The expected result is the full listing, retyped exactly, without a single picture.

**Given information**
********************

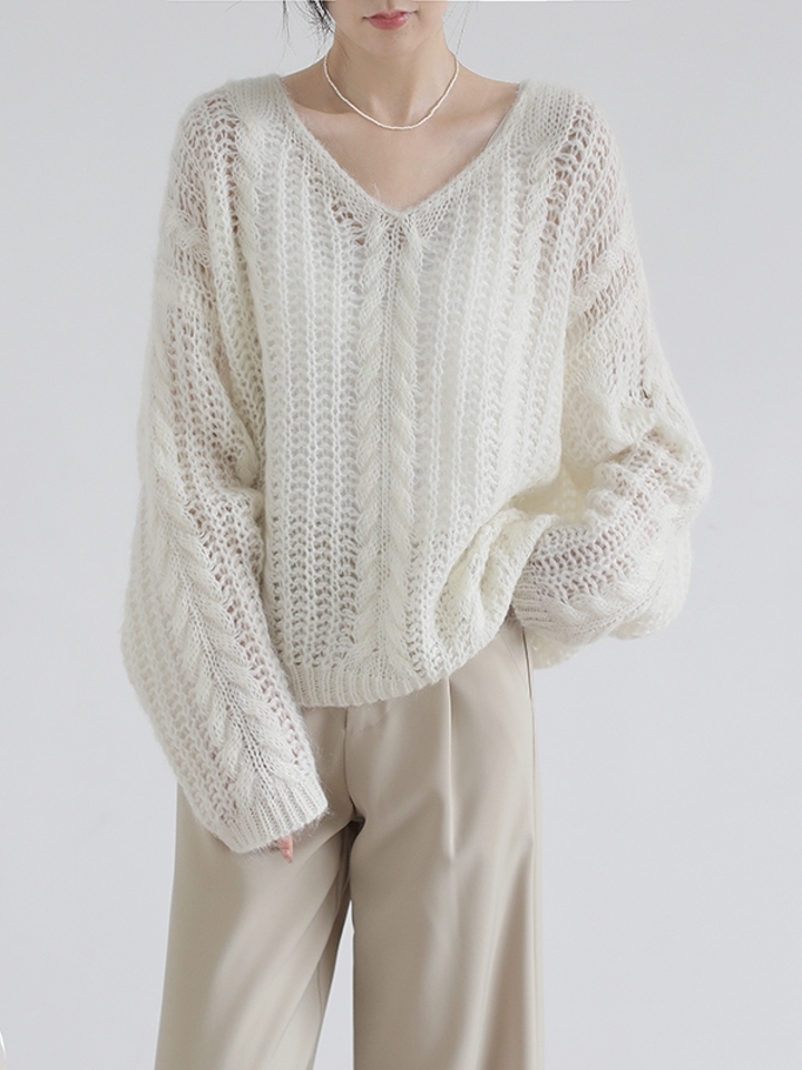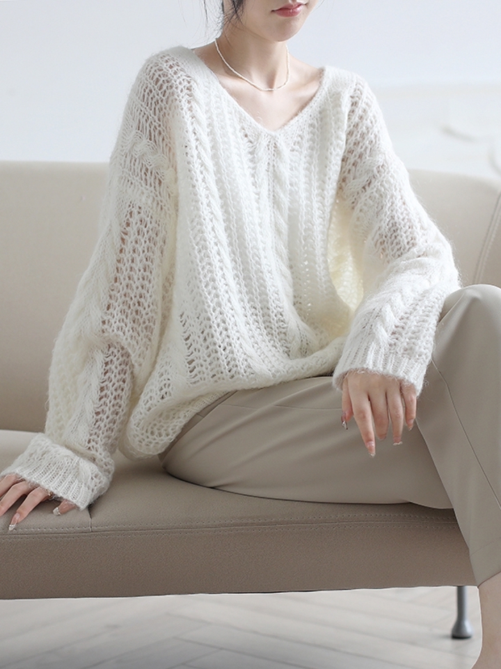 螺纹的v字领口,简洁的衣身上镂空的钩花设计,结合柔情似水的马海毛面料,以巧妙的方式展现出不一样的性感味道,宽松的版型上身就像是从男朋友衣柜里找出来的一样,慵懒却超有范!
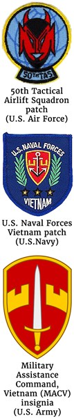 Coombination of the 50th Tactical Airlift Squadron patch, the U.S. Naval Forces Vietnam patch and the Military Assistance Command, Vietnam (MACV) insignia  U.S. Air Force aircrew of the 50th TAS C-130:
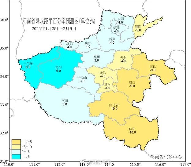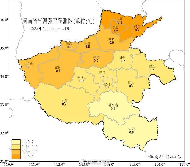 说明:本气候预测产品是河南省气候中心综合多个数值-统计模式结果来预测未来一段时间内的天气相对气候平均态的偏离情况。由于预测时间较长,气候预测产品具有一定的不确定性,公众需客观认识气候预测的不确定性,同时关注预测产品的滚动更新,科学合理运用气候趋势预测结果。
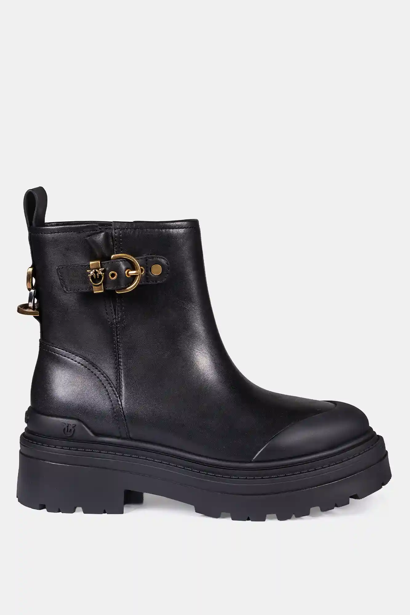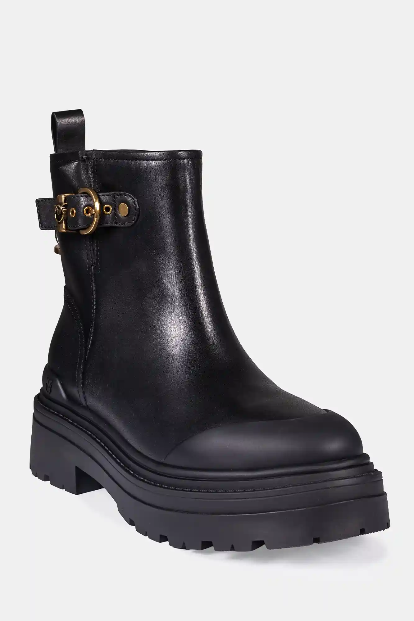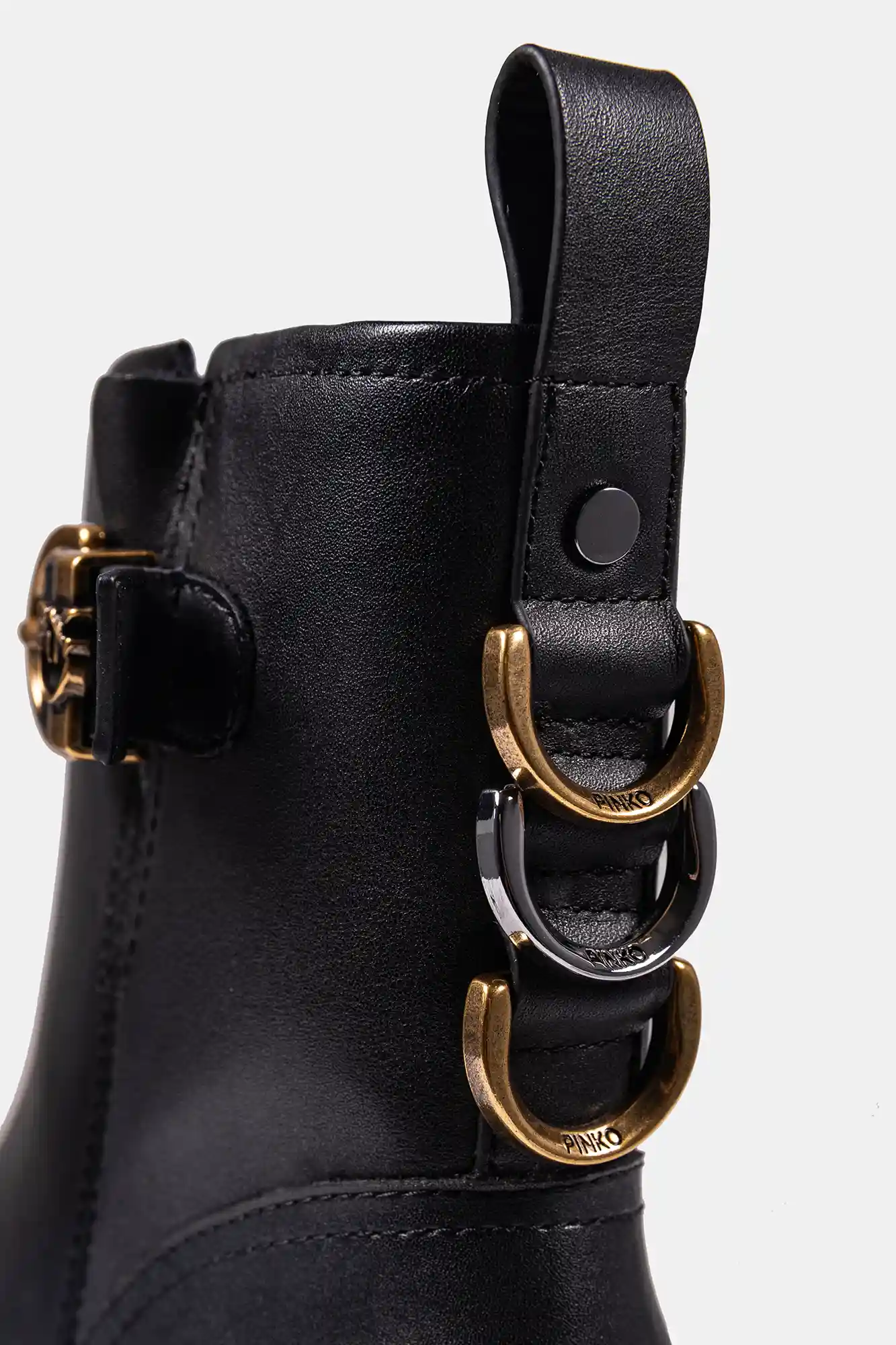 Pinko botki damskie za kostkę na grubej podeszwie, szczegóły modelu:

********************

**Problem solution**
 螺纹的v字领口,简洁的衣身上镂空的钩花设计,结合柔情似水的马海毛面料,以巧妙的方式展现出不一样的性感味道,宽松的版型上身就像是从男朋友衣柜里找出来的一样,慵懒却超有范!
 Coombination of the 50th Tactical Airlift Squadron patch, the U.S. Naval Forces Vietnam patch and the Military Assistance Command, Vietnam (MACV) insignia  U.S. Air Force aircrew of the 50th TAS C-130:
 说明:本气候预测产品是河南省气候中心综合多个数值-统计模式结果来预测未来一段时间内的天气相对气候平均态的偏离情况。由于预测时间较长,气候预测产品具有一定的不确定性,公众需客观认识气候预测的不确定性,同时关注预测产品的滚动更新,科学合理运用气候趋势预测结果。
 Pinko botki damskie za kostkę na grubej podeszwie, szczegóły modelu:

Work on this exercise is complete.